May 1st is May Day—a day that many cultures have celebrated for centuries as the arrival of warmer times, of planting and of prosperity to come. Although the first day of the fifth month is not a holiday, per se, some of its sweetest traditions, like the giving of a May basket, are super ways to spread love and hook kids on kindness.
Grab some paper and follow easy steps to make a simple, looks-like-you-and-a-child-under-8 made-it basket. Then, fill the little basket with flowers and, if you like, a treat or two. The flowers can be wild or even paper and child-like, too—the goal is to spread some spring cheer and to delight your neighbor. The best part is on May Day morning, when you sneak over and leave the basket on your neighbor’s porch, stoop or doorstep. It’s a family act of random kindness for which we get no immediate credit—but a great deal of joy.
Make a basket: As inspired by Eric Carle, use crayons, markers or paint to add flair to sheets of 8 ½ x 11” paper. Cut a 1" strip off the side. Cut the 7 1/2" x 11" that remains into a flattened cone shape (see photos). Roll it into a cone and staple it. Cut around the opening of the cone so it is level. Then, staple on the strip as a handle. No time to be crafty? Use an empty jar or can and just tape or glue the pretty paper to the outside.
Make your list:Consider who might love a basket to put inside. Wonder about the people in your neighborhood and to whom to give your May Day surprise baskets. Who do you know well? Who loves to garden or be outdoors? Who might live on their own or might especially love a May Day surprise?

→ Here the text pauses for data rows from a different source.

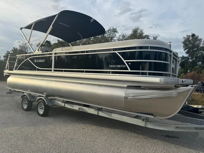 This sleek and versatile black Sweetwater SW2286CSE pontoon boat is built for comfort, performance, and style. With its triple-tube construction and spacious deck layout, it's the ultimate combination of luxury and practicality for both leisurely cruising and exciting adventures on the water.
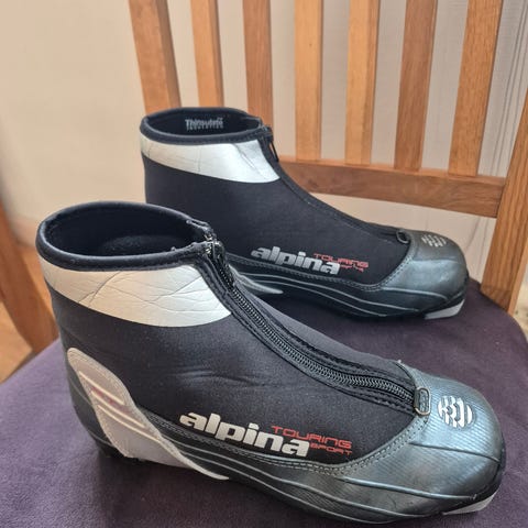 Alpina langrennsstøvler i svart farge. Støvlene har høy ankelstøtte og glidelås med beskyttende klaff foran. Polstret innside og hælkappe gir støtte og komfort.
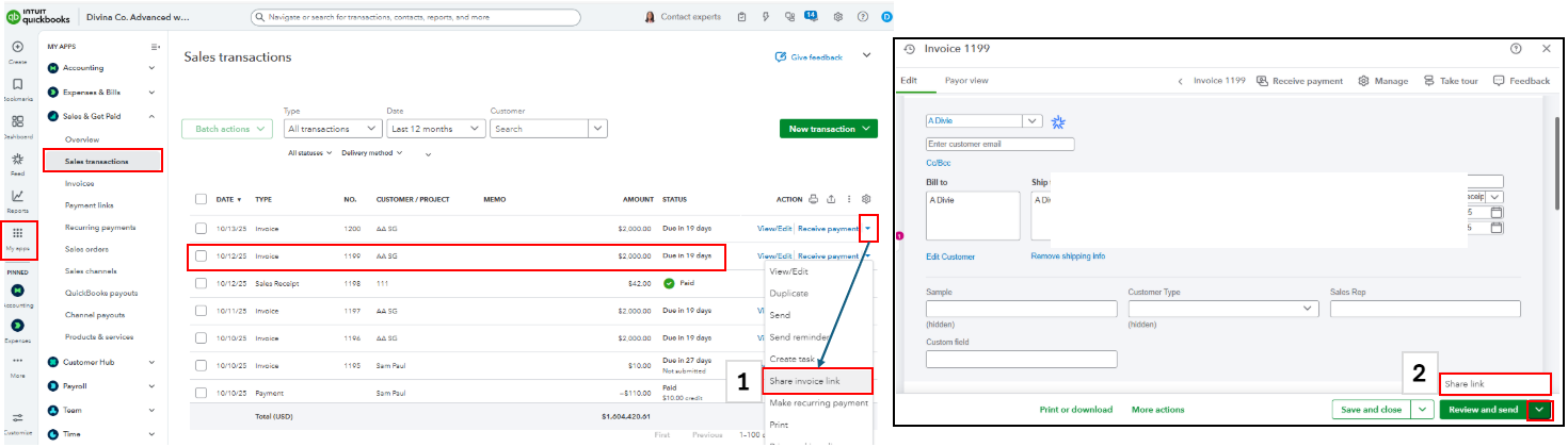 First, you can share an invoice link through the Action dropdown from the Sales Transactions page. Let me guide you how:

Gather flowers: Flowers feature prominently in both May and May baskets, though the specific flowers you have in bloom vary around the country (even our families in Arizona have some wildflowers still blooming!). If you don’t have any growing nearby, hit up the farmer’s market or the store.
Fill the baskets: Cut a few flowers so they fit in each basket. If you can, wrap fresh cut stems in foil or wax paper. Place the flowers gently in the basket. Add a simple "Happy May Day" note and a touch of love, too.
Deliver the baskets: This is, by far, the best part! Take the basket to your friend's or neighbor's home and try to leave it without them seeing it to preserve the surprise. We leave ours hanging on the doorknob or in the walkway, then just tiptoe away and delight in the secrecy and excitement of this part! We also like to wonder a few times during the day about what our neighbors thought of their baskets, a nice chance to think even more about another person.
A few alternative baskets:
As you walk through each step, talk with kids of all ages about what your neighbors might like or how getting your basket might make them feel. Thinking about and acting on another person’s point of view develops empathy, a skill kids will need to form strong relationships and navigate social dynamics. Quite simply, it also connects kids to their neighbors, making those adults more familiar and creating a sense of community that we so often lack these days. Even if you have a very young one, he or she can participate in the process by picking or holding flowers, a marvelous sensory experience, and observing you take time to give something lovely to someone else. What better modeling can we do for kids? If your family is like ours, you’ll gain a new tradition too!